Conclusion 3: improve security while migrating

The replacement should implement actual raw-body Gitea HMAC verification. The current webhook path does not.

Conclusion 4: keep deterministic work pure-script

The current split is correct. Repo policy and enforcement work should remain fast, cheap, and idempotent.

Conclusion 5: judgment must be narrow and explicit

Do not wake Claude on every webhook. Use it only for ambiguity, escalation, or clearly user-requested reasoning.

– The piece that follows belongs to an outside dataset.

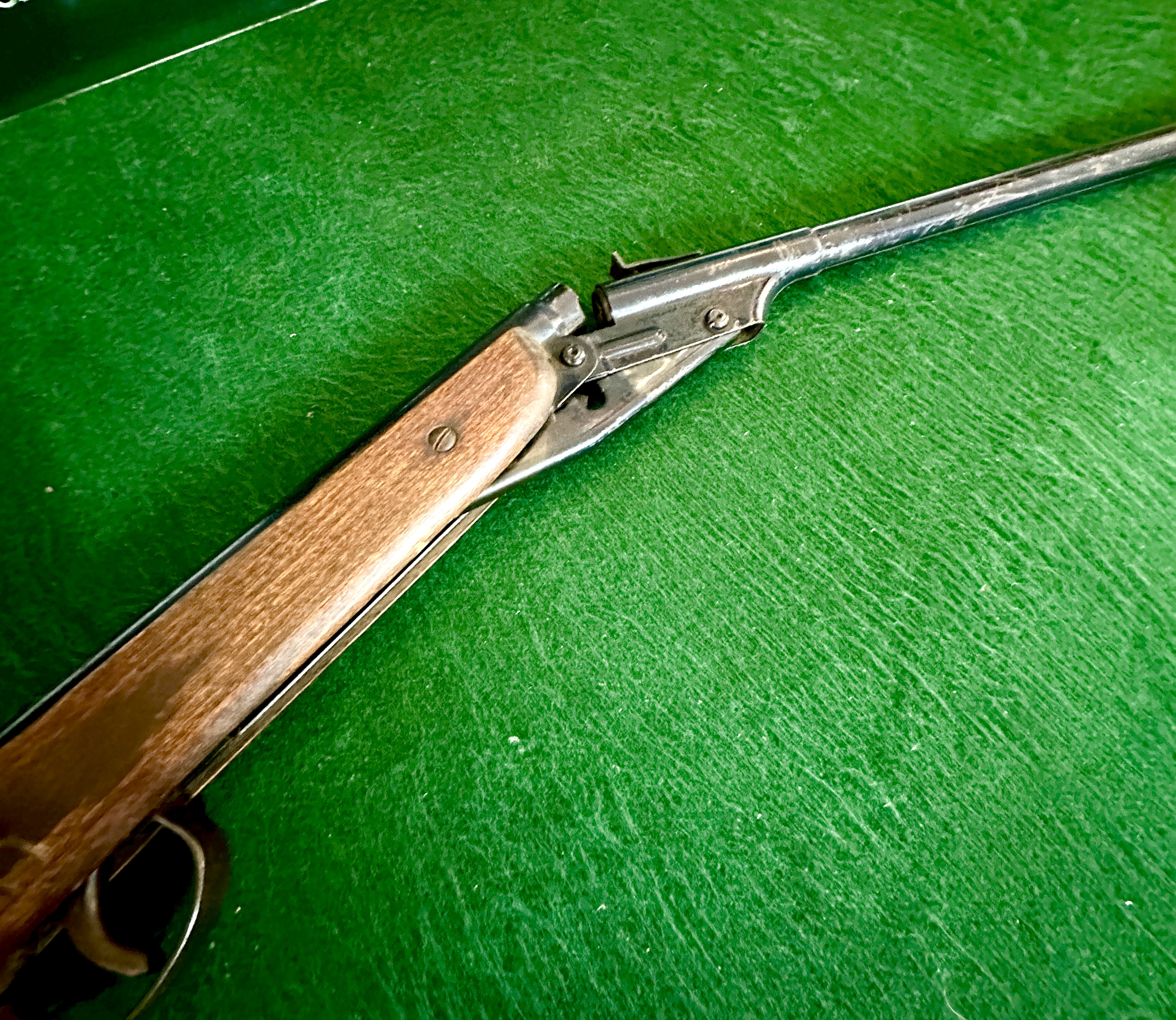A Diana Model 16 air rifle featuring a break-barrel cocking and loading mechanism. The piece is constructed with a hardwood stock and a metal barrel and action. The design incorporates a curved metal trigger guard and integrated sights. No manufacturer markings are visible on the exterior surfaces. The rifle is depicted with the action in the open position.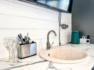 Двухкомнатный: кухня-гостиная, спальня (возможно две отдельные кровати или одна двуспальная), санузел. На территории работает столовая, завтрак и обед, ужин под заказ. Меню и стоимость уточняем отдельно. В столовой кондиционер, есть возможность после жаркого солнышка пообедать в прохладе.

Conclusion 6: design should assume the current system is fragile

Because surrounding cron/verification infrastructure is already degraded, the replacement should be independently observable and easy to test without depending on OpenClaw's unhealthy scheduler chain.

Open questions for Phase 1 design

These questions should be answered in DESIGN.md.

  1. Ingress topology: keep nginx in front, or let the Caret listener terminate the webhook directly?
  2. Auth model: bearer only for parity, or proper Gitea HMAC as the new standard?
  3. Judgment primitive: Channels plugin, direct Claude Code primitive, or temporary dependency on OpenClaw for wake-up?
  4. Script packaging: copy the existing scripts wholesale first, or split them into library + thin wrappers?
  5. Repo registration: per-repo hooks only, or system-level hook once token/admin constraints are solved?
  6. Retry model: synchronous fire-and-log only, or file-backed retry queue for transient failures?
  7. Observability: plain JSONL logs only, or add a health endpoint plus counters and replay tooling?
  8. Workflow semantics: which current issue/comment workflows are worth preserving exactly, and which can be simplified?

Move to Phase 1 — Architecture design with the following framing:

  • Treat this document as the baseline map of the current system
  • Design only the Gitea-facing slice, not a gateway replacement
  • Preserve the deterministic/judgment split
  • Improve webhook authentication with real HMAC
  • Make observability first-class because the current environment is already degraded

That keeps the project in the "days" category instead of letting it sprawl back into a multi-week platform rewrite.